# Lab 1.2 Using Boltz-1 model to predict protein structure

In [1]:
import os
import shutil
import numpy as np

## Helper functions

In [2]:

def preprare_directory(temp, delete_old=True):
    """
    Create a new directory and delete the old one if it exists
    :param temp: str: path to the directory
    :param delete_old: bool, whether to delete the old directory.
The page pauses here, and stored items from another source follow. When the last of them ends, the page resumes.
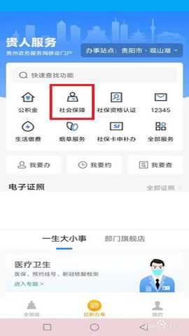 打开贵州人社软件,来黔办事页面点击选择社会保障项目。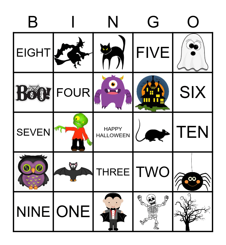 This bingo card has 14 images, a free space and 10 words: ONE, NINE, EIGHT, THREE, SEVEN, TWO, FOUR, TEN, SIX and FIVE.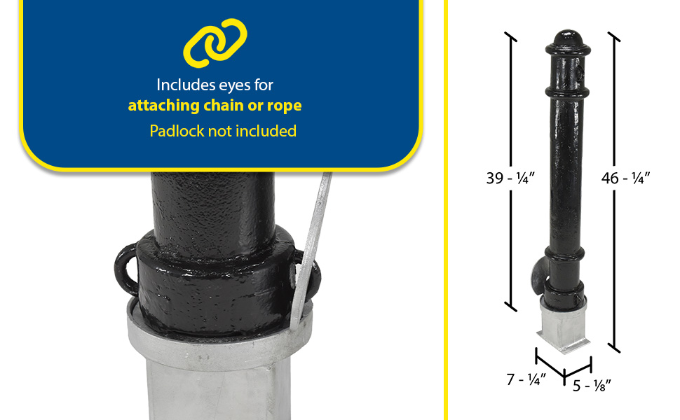 Provide an attractive yet functional barrier to vehicle access and parking. Bollards are 4-1/2" in diameter, while rings make the overall diameter 6". Padlock not included. Powder coat black finish. Includes eyes for attaching chain or rope.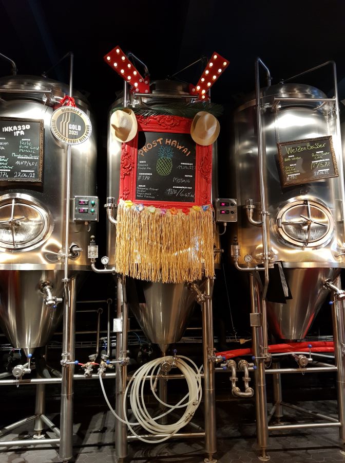 Nach dem ersten Bier bekommen wir ein zweites in die Hand gedrückt, denn zu einer Brauereiführung gehört ein Wegbier. Iris zeigt uns, wo die Astra St. Pauli Biere entstehen. Wir sind überrascht, dass auf so kleinem Raum so eine Menge tolle Biere gebraut werden können. Unsere Bewunderung gilt dem Chefbrauer Marlin, der mit den knappen Platzverhältnissen zurechtkommt.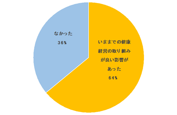 「これまで健康経営の取り組みを実施してきたことで、新型コロナ流行への対応について 良い影響を及ぼしたことはありましたか?」という質問に対して、6割以上の企業が「良い影響があった」と回答しています。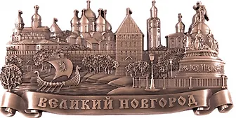 Магнит металл Коллаж Ладья (медь) (Великий Новгород) (027-6CU-28)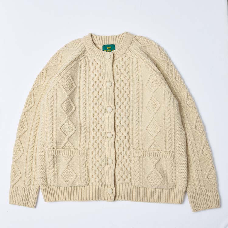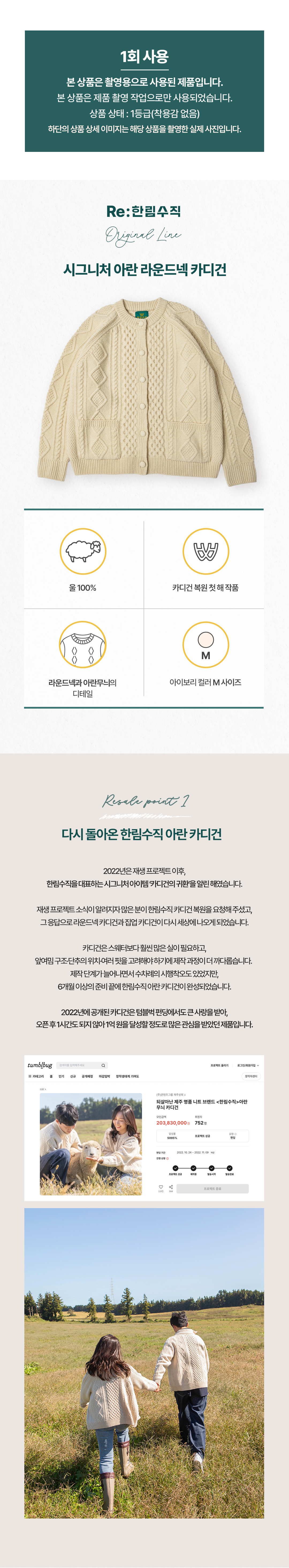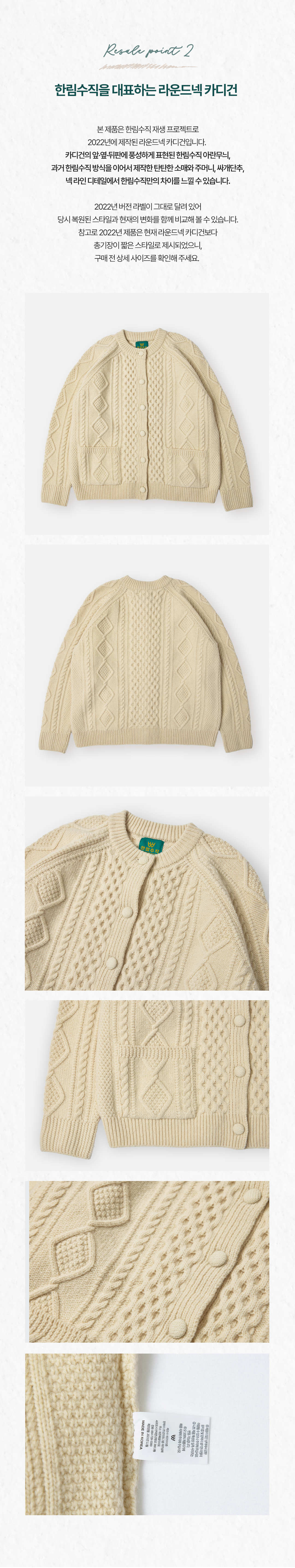 [리세일] 시그니처 아란 라운드넥 카디건-아이보리 M

Defaults to True.
    """
    if delete_old:  
        if os.path.exists(temp):
            # Remove the directory and all its contents
            shutil.rmtree(temp)
    # Recreate the directory
    os.makedirs(temp, exist_ok=True)

## Preparing the input file

[Boltz-1](https://github.com/jwohlwend/boltz/tree/main) is a state-of-the-art open-source model that predicts the 3D structure of proteins, RNA, DNA, and small molecules. It handles modified residues, covalent ligands and glycans, as well as condition the generation on pocket residues.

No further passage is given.